Сабрину вела та же мука памяти, но по человеку, который упокоился далеко отсюда. Никто толком и не знает места истинного погребенья его тела, – но весь Мир един! Обе души, сейчас витающие где-то в небесах или выполняющие новую миссию, в прошлом принадлежали большим друзьям, ушедшим из жизни по собственной воле. Забудем на время верховенства Воли Всевышнего! Они растворились во вселенной, отдав ей сухой остаток, свою биологическую сущность. Но их души уже принадлежали Богу, и земная природа не была властна над ними. Этот мир был далек для них, но скоро, очень скоро, вещий крик какого- либо новорожденного должен был известить избранную женщину о новом витке перевоплощений – о повторении незабвенного Божественного дара.
Самое время было вспомнить и другое – 'Назидание'. Его Сергеев оставил своей возлюбленной и своему возможному потомку. Муза помнила, что стихотворение то родилось у Сергеева неожиданно, спонтанно.
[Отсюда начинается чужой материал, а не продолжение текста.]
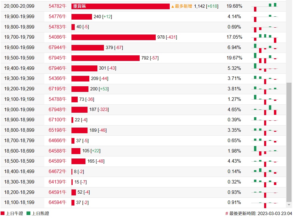 牛证街货重货区在20000-20099区间,该区间最新牛证数量为1142张,较上一交易日增加618张;最多新增在同一区间。
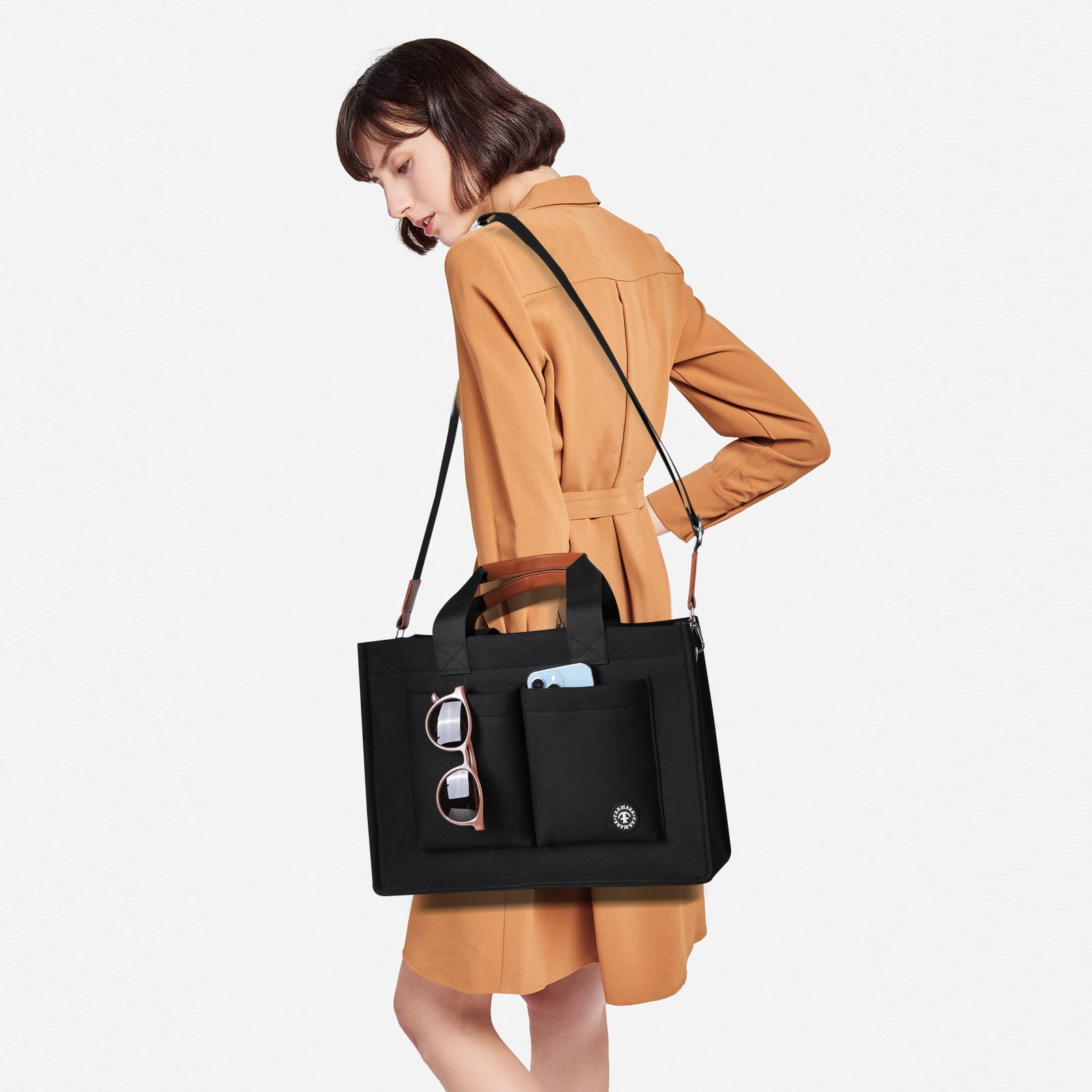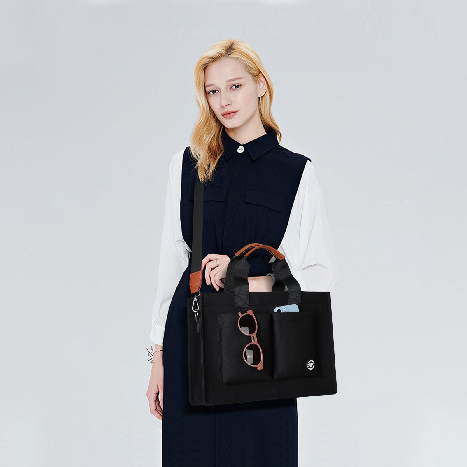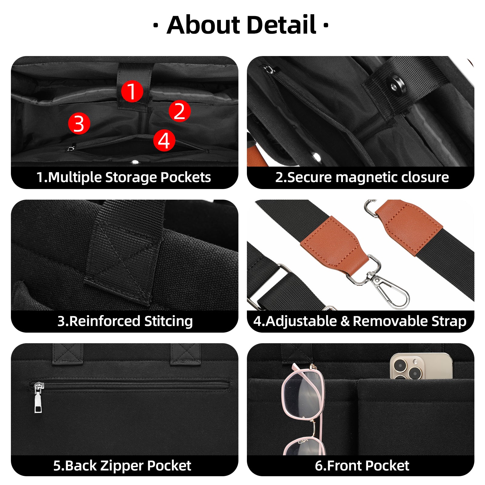 Women's Tote Bag with Compartments - Large Canvas Laptop Book Bag, Women's Money Bag with Pockets for Work and Travel

До тридцати лет, в силу партийных обычаев того времени, Священное Писание ему было недоступно. Но он тянулся к нему, искал возможность приобрести в личное пользование, словно чувствовал, что может найти в нем незаменимые откровения. Представился случай: санитарка больницы, где он тогда работал, – искренне верующий человек, – помогла. И Сергеев наконец-то приобрел Евангелие, да еще дореволюционного издания, да еще освященное. Он прочитал его запоем за одну ночь. Наутро явился к Михаилу с воспаленными, но сияющими радостью глазами, и заявил, что от него скрывали великую мудрость в течение целых тридцати лет 'ослиной жизни'. Вот тогда, в скорости, и родилось это стихотворение-причастие. Он читал его всей честной компании на очередных посиделках. Муза всегда была участницей тайных вечерей. Сравнительно тяжелые переходы были очевидны – их сжимали рамки метафор. Они, скорее, – предмет для размышления интеллектуалов, чем широкой публики. Музу стихотворение впечатлило. Она помнила его все долгие годы, могла воспроизводить наизусть в любое время суток. Муза несколько умерила шаг, подстроила его под ритм стиха и тихо, почти на ушко Сабрине, ласково, но четко, заговорила-запричетала.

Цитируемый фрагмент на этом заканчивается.